To me, it is from this point on that the "peasant" as a simple concept underpinning the whole feudal structure started to become untenable and increasingly meaningless a concept. Around Europe similar challenges to the status quo sparked quite a bit of societal adjustment in this lowest rank who, after all, made up 95% of the entire population. An increasing ability to place monetary value on their contribution to the feudal process of wealth generation empowered them even further. Ultimately they developed the ability to organise structures within their own broad ranks which made a mockery of their official status in society. We can retrospectively call this the emergence of "middle classes" or "democracy", but what we cannot do is deny that they emerged from the peasant class. Guilds and the banking system are prime examples of this development but there are many more subtle ones too - involvement in the judicial structure being one often overlooked.

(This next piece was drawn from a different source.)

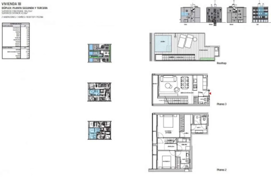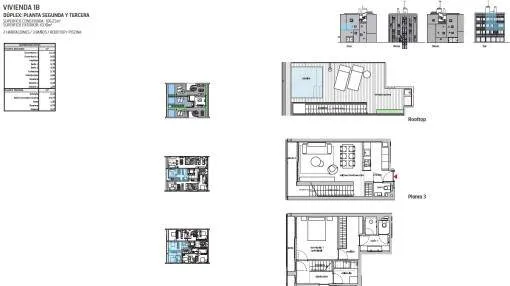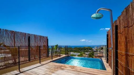 This duplex, 2-level penthouse has a total area of 106 sqm distributed over 2 bedrooms with bathrooms en suite, a guest WC, an utility room, a dressing area, and a large kitchen and living area with terrace. The beautiful roof terrace with panoramic and sea views has a seating area and a pool with an area for sunbathing.

In fact if we itemise social innovation for good or bad from that moment on we can trace almost every root back to the so-called peasantry. We can also say that the feudal system, in a purist sense, "failed" from that point on. However it is equally true to say that it was simply adjusted in terms of access to wealth with the peasant now potentially able to utilise a greater share of it. In practical terms however the association of wealth with power remained intact, as did the notion of ultimate ownership of that wealth. Social stability came at a price, and still does as much today as for our Carolingian ancestors, that being that the abrogation of the lower ranks' automatic right to own rather than simply utilise the wealth they generate is still a fundamental part of our modern social and political structures. This is not a set of principles which would necessarily have been recognised, let alone agreed with, in Gaelic, Norse or Saxon societies - to name but a few of relevance to contributors on this website. They were replaced by feudalism, and one could argue that feudalism itself (including its peasant class) has yet to be replaced in turn.